• [AIM OF THE TASK] Leaving the pictures aside, repeat every line below exactly.

• [GIVEN DATA]
_ _ _ _ _ _ _

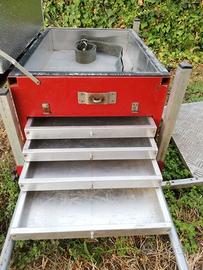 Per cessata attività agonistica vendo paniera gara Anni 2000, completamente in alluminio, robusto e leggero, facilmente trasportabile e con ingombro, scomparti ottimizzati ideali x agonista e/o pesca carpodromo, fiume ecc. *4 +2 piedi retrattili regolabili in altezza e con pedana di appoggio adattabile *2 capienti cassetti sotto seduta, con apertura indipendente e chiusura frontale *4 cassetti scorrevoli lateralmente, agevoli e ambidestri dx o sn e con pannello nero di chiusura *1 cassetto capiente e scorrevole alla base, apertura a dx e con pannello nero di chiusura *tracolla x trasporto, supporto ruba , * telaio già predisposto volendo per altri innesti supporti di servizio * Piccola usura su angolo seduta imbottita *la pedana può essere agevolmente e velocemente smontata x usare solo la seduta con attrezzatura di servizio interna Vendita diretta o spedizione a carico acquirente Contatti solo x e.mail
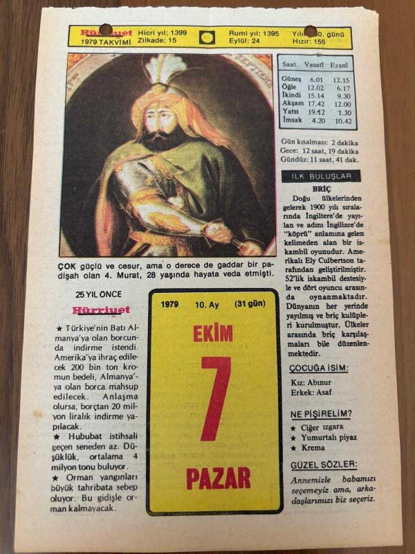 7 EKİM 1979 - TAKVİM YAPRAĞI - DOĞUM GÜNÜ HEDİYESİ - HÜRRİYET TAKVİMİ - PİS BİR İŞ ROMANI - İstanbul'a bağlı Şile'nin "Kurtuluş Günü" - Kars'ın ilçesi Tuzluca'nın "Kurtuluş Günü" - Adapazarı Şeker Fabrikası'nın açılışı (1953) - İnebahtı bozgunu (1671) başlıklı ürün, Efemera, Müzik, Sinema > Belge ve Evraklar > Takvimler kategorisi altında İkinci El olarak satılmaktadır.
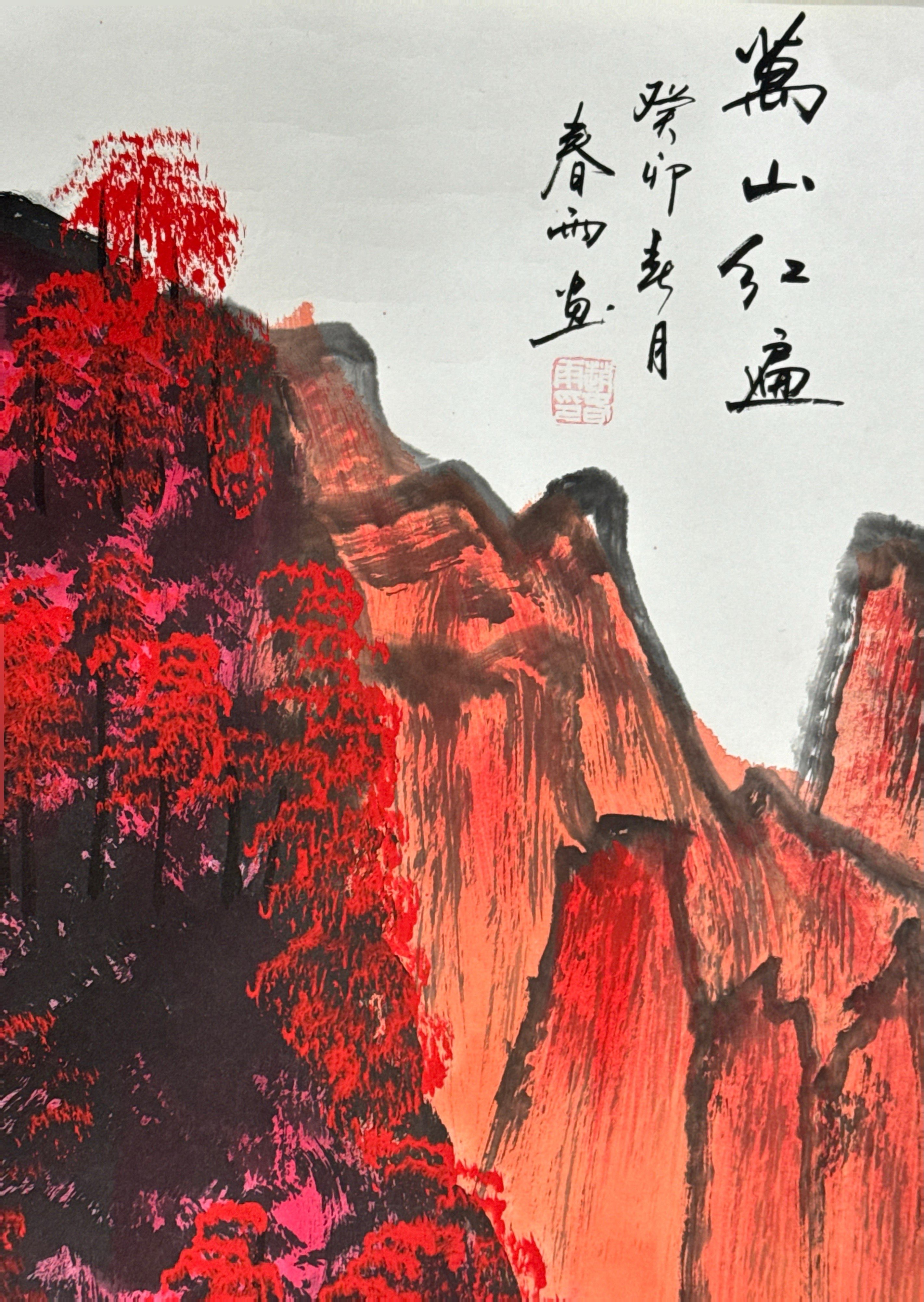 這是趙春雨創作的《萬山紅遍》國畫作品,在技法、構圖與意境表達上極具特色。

_ _ _ _ _ _ _

• [COMPLETED TASK]
 Per cessata attività agonistica vendo paniera gara Anni 2000, completamente in alluminio, robusto e leggero, facilmente trasportabile e con ingombro, scomparti ottimizzati ideali x agonista e/o pesca carpodromo, fiume ecc. *4 +2 piedi retrattili regolabili in altezza e con pedana di appoggio adattabile *2 capienti cassetti sotto seduta, con apertura indipendente e chiusura frontale *4 cassetti scorrevoli lateralmente, agevoli e ambidestri dx o sn e con pannello nero di chiusura *1 cassetto capiente e scorrevole alla base, apertura a dx e con pannello nero di chiusura *tracolla x trasporto, supporto ruba , * telaio già predisposto volendo per altri innesti supporti di servizio * Piccola usura su angolo seduta imbottita *la pedana può essere agevolmente e velocemente smontata x usare solo la seduta con attrezzatura di servizio interna Vendita diretta o spedizione a carico acquirente Contatti solo x e.mail
 7 EKİM 1979 - TAKVİM YAPRAĞI - DOĞUM GÜNÜ HEDİYESİ - HÜRRİYET TAKVİMİ - PİS BİR İŞ ROMANI - İstanbul'a bağlı Şile'nin "Kurtuluş Günü" - Kars'ın ilçesi Tuzluca'nın "Kurtuluş Günü" - Adapazarı Şeker Fabrikası'nın açılışı (1953) - İnebahtı bozgunu (1671) başlıklı ürün, Efemera, Müzik, Sinema > Belge ve Evraklar > Takvimler kategorisi altında İkinci El olarak satılmaktadır.
 這是趙春雨創作的《萬山紅遍》國畫作品,在技法、構圖與意境表達上極具特色。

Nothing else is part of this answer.